> **Exercise description**: Restate the listing below word for word, and leave its pictures behind.

> **Given material**:
* * *
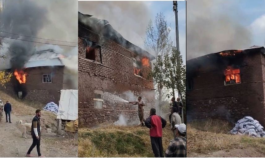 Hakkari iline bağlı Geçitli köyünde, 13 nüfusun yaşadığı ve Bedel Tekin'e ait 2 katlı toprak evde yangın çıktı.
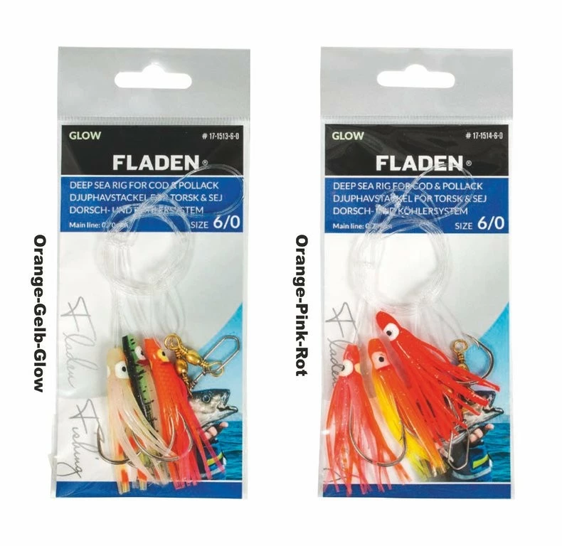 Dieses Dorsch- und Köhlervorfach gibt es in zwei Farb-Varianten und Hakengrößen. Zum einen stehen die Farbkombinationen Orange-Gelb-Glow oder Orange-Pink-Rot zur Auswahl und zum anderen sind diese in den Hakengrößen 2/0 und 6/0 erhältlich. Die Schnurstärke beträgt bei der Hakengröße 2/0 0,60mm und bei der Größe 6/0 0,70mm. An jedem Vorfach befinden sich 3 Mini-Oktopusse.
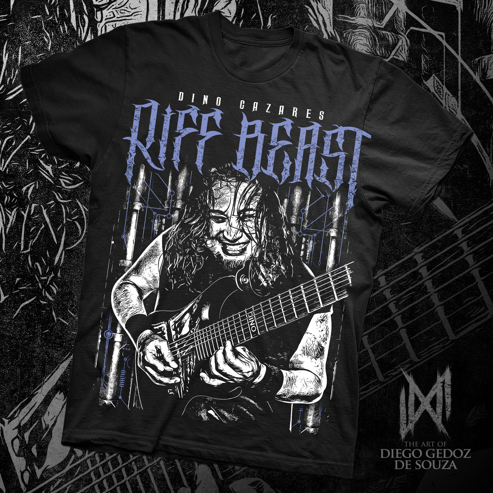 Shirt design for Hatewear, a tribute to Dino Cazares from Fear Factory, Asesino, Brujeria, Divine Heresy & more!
* * *
> **Solution to this exercise**:
 Hakkari iline bağlı Geçitli köyünde, 13 nüfusun yaşadığı ve Bedel Tekin'e ait 2 katlı toprak evde yangın çıktı.
 Dieses Dorsch- und Köhlervorfach gibt es in zwei Farb-Varianten und Hakengrößen. Zum einen stehen die Farbkombinationen Orange-Gelb-Glow oder Orange-Pink-Rot zur Auswahl und zum anderen sind diese in den Hakengrößen 2/0 und 6/0 erhältlich. Die Schnurstärke beträgt bei der Hakengröße 2/0 0,60mm und bei der Größe 6/0 0,70mm. An jedem Vorfach befinden sich 3 Mini-Oktopusse.
 Shirt design for Hatewear, a tribute to Dino Cazares from Fear Factory, Asesino, Brujeria, Divine Heresy & more!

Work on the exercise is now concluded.